“杨明天,交代一下吧,这下可是人赃并获。”
叶知秋打开笔记本,了然地看向对面铁椅中状似猪头的男人。
“没什么可交代的,愿赌服输,我中了你们的计中计被抓了,我服气。”
说着,杨明天丝丝的吸着凉气,好像这样就能缓解伤口牵扯带来的剧痛。
“杨明天,我们的同志现在就在你家屋后的那间操作间,里面有什么东西不用我提醒你吧?你现在一味的抵抗还有什么意义呢?”
叶知秋放下手中想要做记录的笔,十指交叉放在桌面上,歪头看着男人。
“我从来都没有否认我做的那些事情,只是你们本事不济,查到现在才查出来而已,切~”
杨明天有些轻蔑的扫了眼对面的叶知秋,眼神漫无目的的开始在房间中晃荡。
“你!”
叶知秋刚想倾身上前争辩什么,胳膊便被一旁的林韩松拉住。
“杨明天,你这么自傲,怎么到头来混成这副鬼样子?”
一句都没有提及案子,林韩松开口的第一句话却让男人彻底破了防。
只见杨明天一双老鼠眼猛地看向林韩松,阴森的眼神仿佛马上就要将林韩松生吞活剥了一般,“你知道什么,我只不过是没有赶上好时候而已,我只不过是运气不好而已!”

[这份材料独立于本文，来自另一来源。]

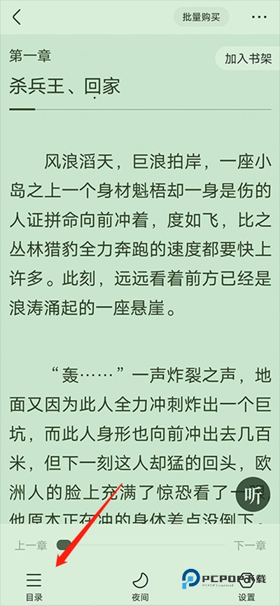 2、点击进入小说阅读,点击左下角目录,如图所示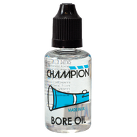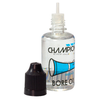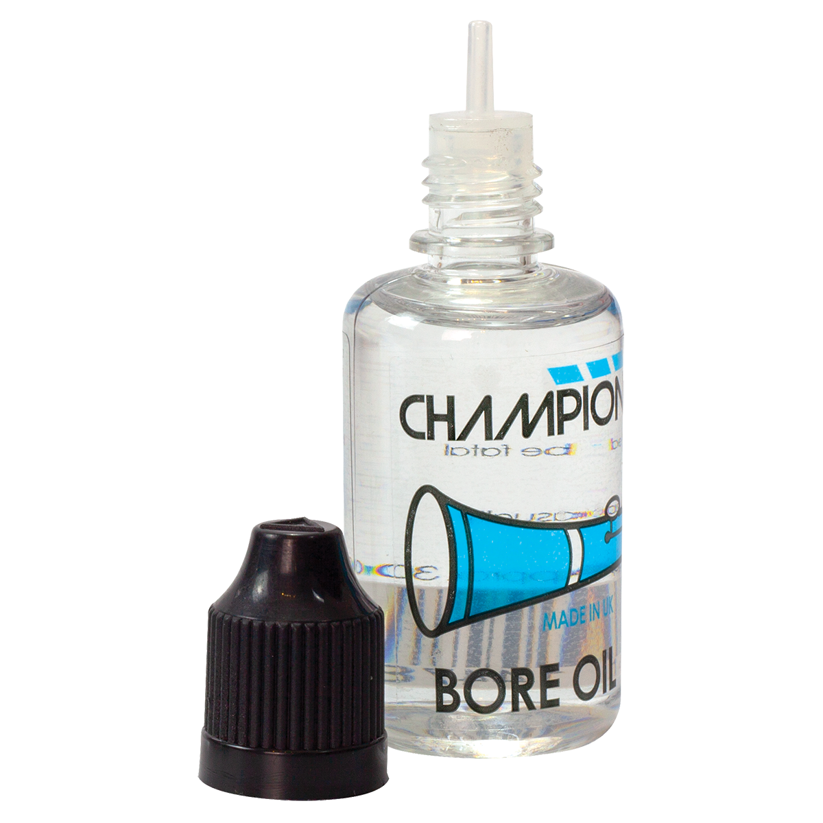 Champion Bore Oil - 30ml Bottle. Bore oil developed and produced in the U.K. to protect your wooden instrument from cracks or warping, use on your instrument bore to keep it in optimal condition and protect against the elements. Made in the UK - European Safety Standard compliant - Odourless - L ong-lasting - Leaves no residue - T hin nozzle dispenser - C hild safety cap.

杨明天有些歇斯底里,冲着林韩松喊着,手臂砸的铁椅铮铮作响。
“所以你就对那些手无缚鸡之力的弱女子动手,来发泄你心中的不满?你怎么不敢杀男人呢?”
林韩松脸上满是嘲讽,“哦~是怕被人家反杀了吧?你个孬种!”
林韩松从牙缝中挤出最后的几个字,语气中满是鄙夷,叶知秋也压抑不住心中的愤怒,低声啐了一句,“窝囊废!”

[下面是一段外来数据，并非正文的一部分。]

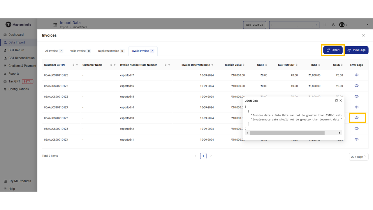 If the imported data is invalid, the user must re-import it. To identify the errors in the imported data, the user should check the Invalid bucket. This bucket contains all the invalid invoices, each accompanied by an error message formatted in JSON, which details the specific error for each invoice.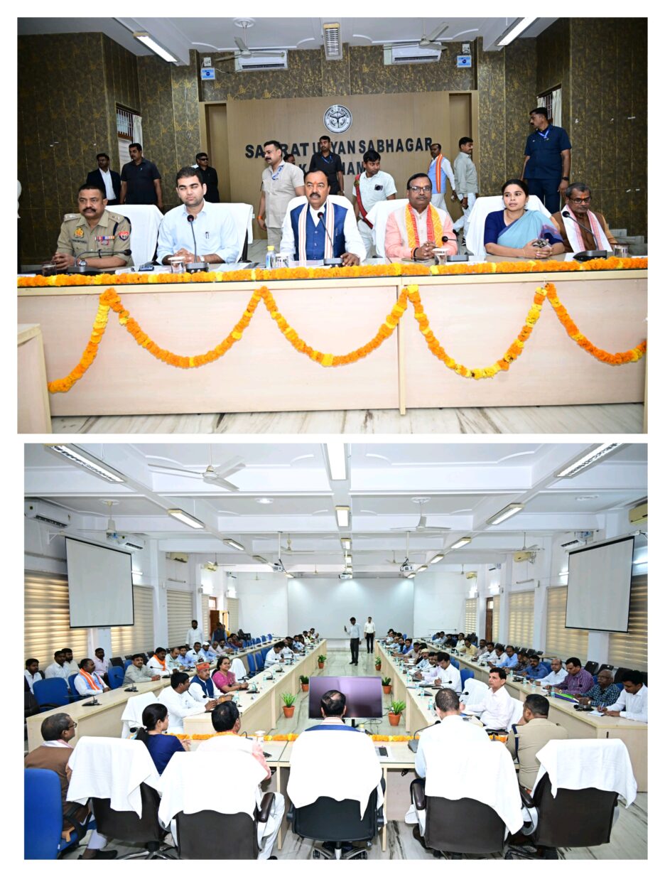यूपी के डिप्टी सीएम केशव प्रसाद मौर्य ने उदयन सभागार में जनपद के अधिकारियों के साथ बैठक की।

谁知,叶知秋话音刚落,刚刚还很是高傲的杨明天就像是被人踩了尾巴,声音顿时大了起来:“你说谁是窝囊废?你这个臭娘们,老子整死你?!”
杨明天的情绪彻底失控,他使劲扭动着身子,试图将手脚从铁椅的镣铐中抽离,连身上传来的剧痛也完全不顾,疯狂的样子让所有人都有些措手不及。
“这不是条疯狗吗?!”
匆匆赶回来站在隔壁隔着单面镜观看审讯的陆沉指着癫狂中的杨明天跟一旁的其他同事吐槽道。
“为什么这么听不得这个词啊,杨明天?”
林韩松大声打断了发疯的男人,“是因为是你人生的真实写照?”
“才不是!我生活的很好!”杨明天大声反驳着。
“父亲打压,媳妇出轨,经济拮据,被人嘲笑,你管这叫生活的挺好?”林韩松将走访的证人证言一一甩在杨明天面前反问道。
“不是这样的,不是这样的……”
杨明天快速瞄了一眼手中的材料,整个人彻底崩溃,他将材料撕了个粉碎,将头深深埋到双手之间,嘴里不停地否认着。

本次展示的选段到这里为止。